Question

For the reaction $A\left(g\right)+2B\left(g\right)\rightleftharpoons C\left(g\right)+D\left(g\right);$ $K_c={10}^{12}volme.mol{e}^{-1}$. If the initial moles of $A,B,C$ and $D$ are $0.5,1,0.5$ and $3.5$ moles respectively in a one litre vessel.
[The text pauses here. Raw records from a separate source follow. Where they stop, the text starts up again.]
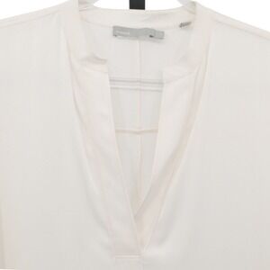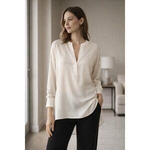 Vince Oversized Silk Tunic Blouse V Neck Long Sleeve High Low Cream Size Medium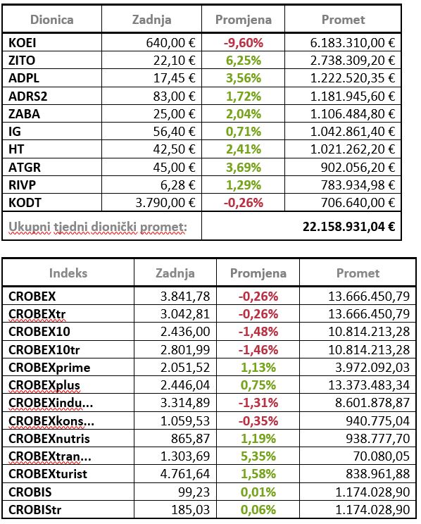Ključni dionički indeksi zaključili su padom te je CROBEX u tjednom minusu za 0,26 posto zaključio na 3.841,78 bodova dok je CROBEX10 zabilježio tjedni pad od 1,48 posto i završio na 2.436 bodova.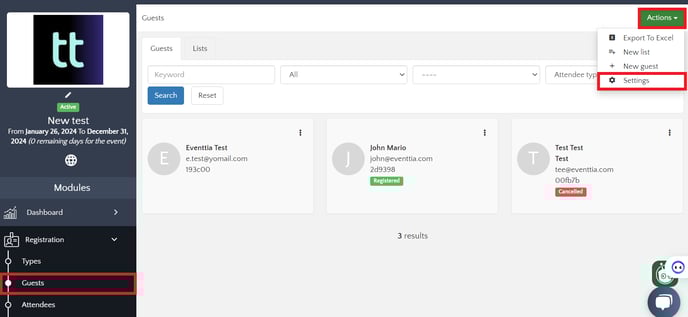 Once the email is sent and the first registrations are recorded, this will be traceable from the "Guests" tab.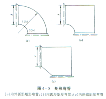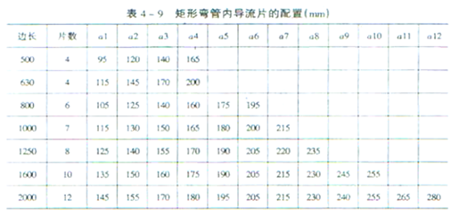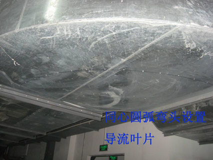 规范要求:4.2.12 矩形风管弯管的制作,一般应采用曲率半径为一个平面边长的内外同心弧形弯管。当采用其他形式的弯管,平面边长大于500mm 时,必须设置弯管导流片。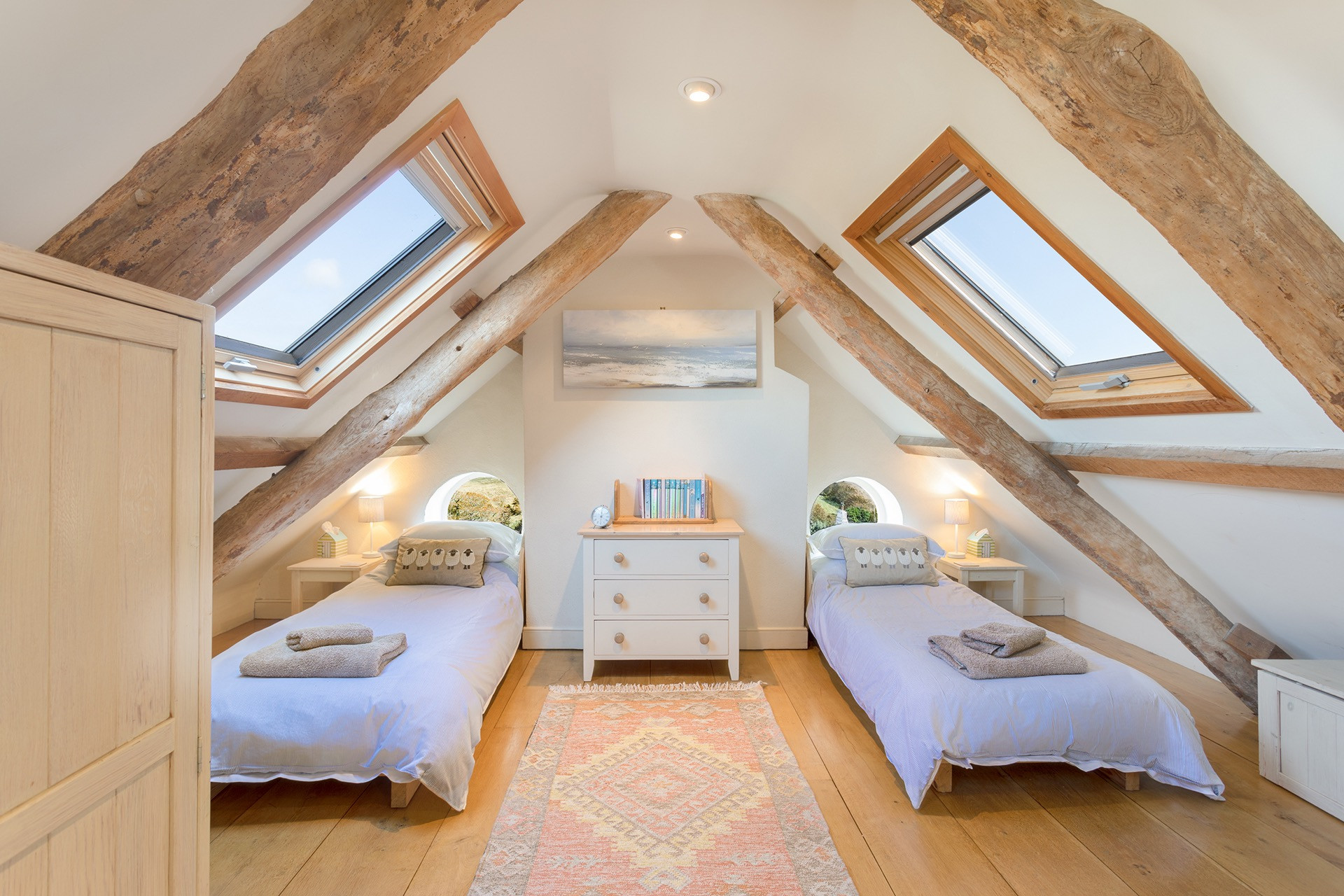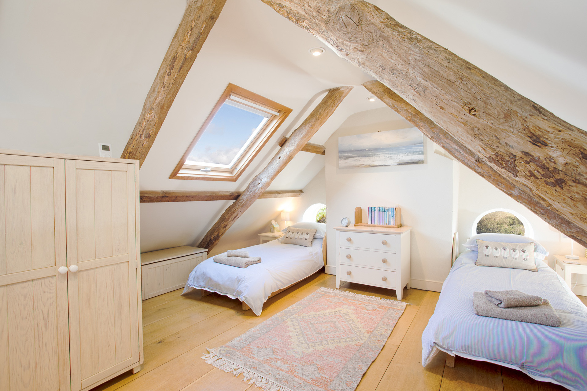 - 3 roof windows with blackout blinds, giving sea and village views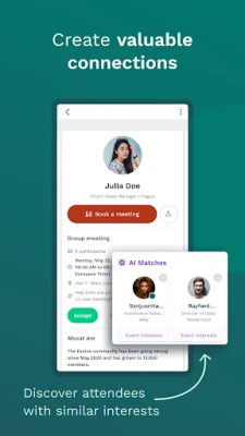 Swapcard’s AI suggests participants with common interests that match your professional needs. Review your matches, initiate conversations, and schedule in-person meetings directly in the app.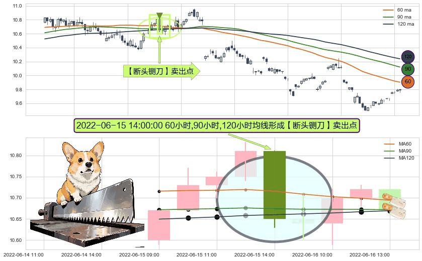 形态多维评估: ⚀ 2022-06-15 14:00:00小时显现 60小时-90小时-120小时均线 【断头铡刀】卖出点 看空信号,后市看跌,卖出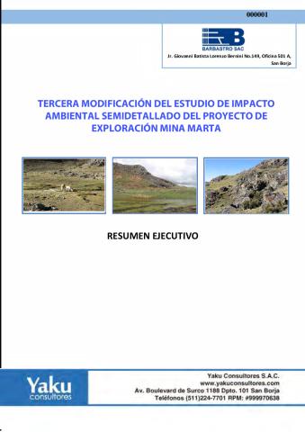 TERCERA MODIFICACIÓN DEL ESTUDIO DE IMPACTO AMBIENTAL SEMIDETALLADO DEL PROYECTO DE EXPLORACIÓN MINA MARTA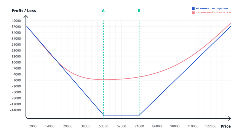 На графике выше по горизонтали отмечена цена базового актива, а по вертикали прибыль/убыток, которые может получить трейдер, пользуясь данной опционной стратегией. Синяя линия показывает зависимость прибыли от цены базового актива в момент экспирации, а красная — в настоящий момент.

The equilibrium concentration of $B$ is:

• A. ${10}^{-4}$
• B. $2\times {10}^{-4}$
• C. $4\times {10}^{-4}$
• D. $8\times {10}^{-4}$

Answer 1

Answer: (B)

$2\times {10}^{-4}$

The equilibrium reaction is $A\left(g\right)+2B\left(g\right)\rightleftharpoons C\left(g\right)+D\left(g\right).$

The initial moles of $A,B,C$ and $D$ are $0.5,1,0.5$ and $3.5$ moles respectively.

The equilibrium moles of $A,B,C$ and $D$ are $0.5-x,1-2x,0.5+x$ and $3.5+x$ moles respectively.

The expression for the equilibrium constant is $K_c=\frac{\left[C\right]\left[D\right]}{\left[A\right][B{]}^2}$.

Substitute values in the above expression.

$K_c=\frac{(0.5+x)(3.5+x)}{(0.5-x)(1-2x{)}^2}$

Hence, $x=0.4999$ and $\left[B\right]=(1-2x)=2\times {10}^{-4}$.